### DESCRIPTION OF THE TASK
Your output should be the lines below from the one holding "2025年8月21日,教育部" through the one holding "Bei uns bekommen", transcribed exactly, with no pictures.

### DATA TO EXAMINE
-- Opening Marker --

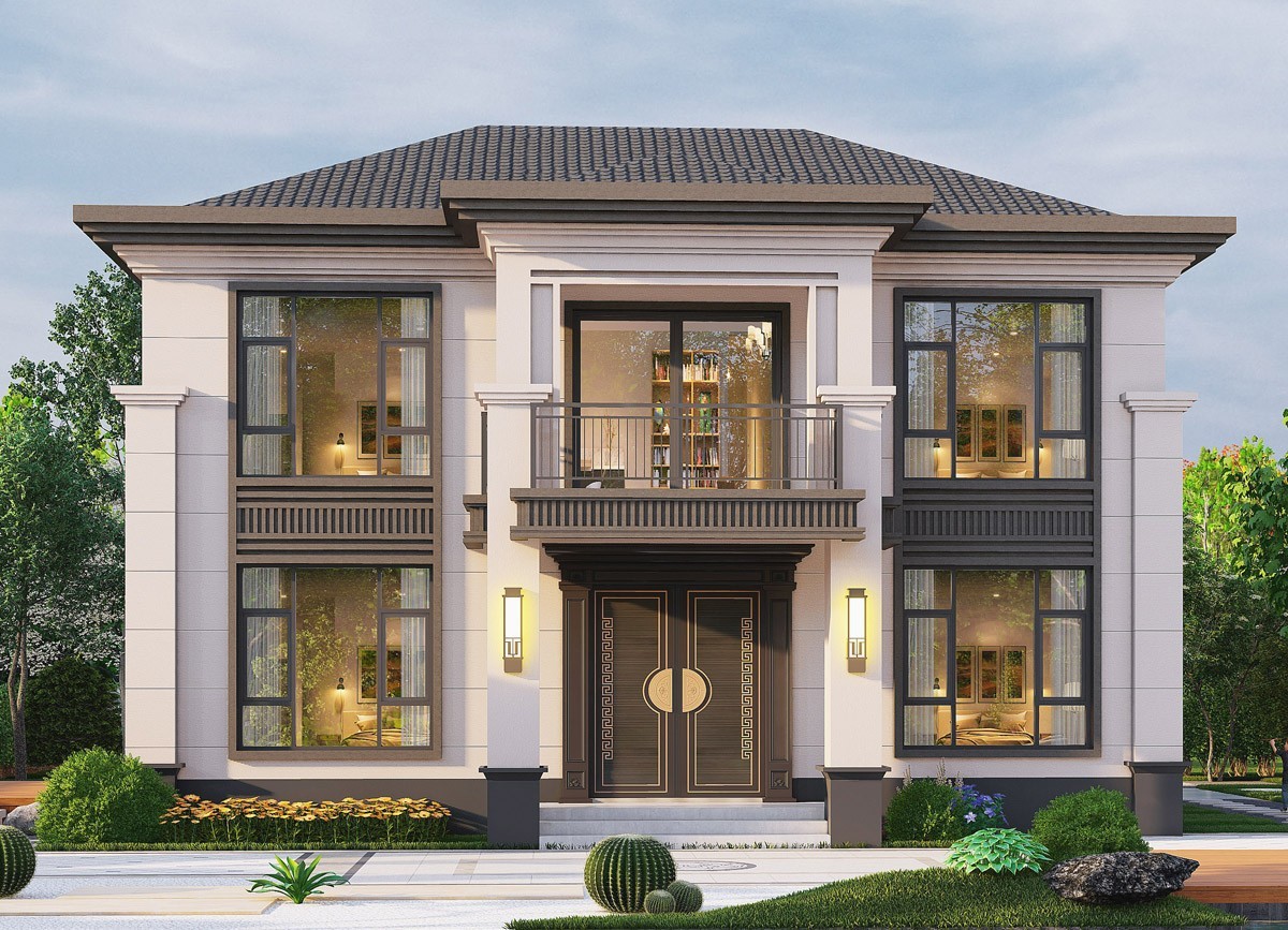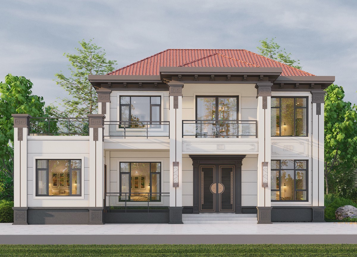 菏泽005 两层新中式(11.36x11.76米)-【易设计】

-- Closing Marker --
-- Opening Marker --

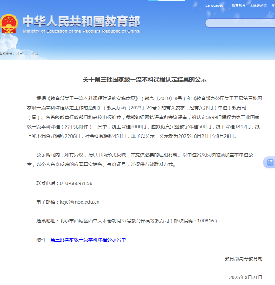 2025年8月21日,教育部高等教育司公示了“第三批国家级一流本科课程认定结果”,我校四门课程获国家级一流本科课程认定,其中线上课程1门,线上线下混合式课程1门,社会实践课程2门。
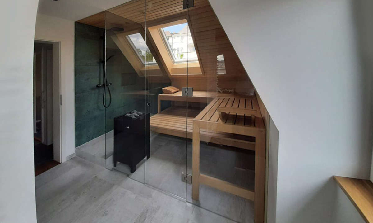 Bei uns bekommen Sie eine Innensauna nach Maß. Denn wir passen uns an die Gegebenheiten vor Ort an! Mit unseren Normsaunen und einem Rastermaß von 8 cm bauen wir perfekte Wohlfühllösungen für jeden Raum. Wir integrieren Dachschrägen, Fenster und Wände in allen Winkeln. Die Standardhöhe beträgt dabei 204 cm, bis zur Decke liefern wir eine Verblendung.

-- Closing Marker --

### THE COMPLETED TASK
 2025年8月21日,教育部高等教育司公示了“第三批国家级一流本科课程认定结果”,我校四门课程获国家级一流本科课程认定,其中线上课程1门,线上线下混合式课程1门,社会实践课程2门。
 Bei uns bekommen Sie eine Innensauna nach Maß. Denn wir passen uns an die Gegebenheiten vor Ort an! Mit unseren Normsaunen und einem Rastermaß von 8 cm bauen wir perfekte Wohlfühllösungen für jeden Raum. Wir integrieren Dachschrägen, Fenster und Wände in allen Winkeln. Die Standardhöhe beträgt dabei 204 cm, bis zur Decke liefern wir eine Verblendung.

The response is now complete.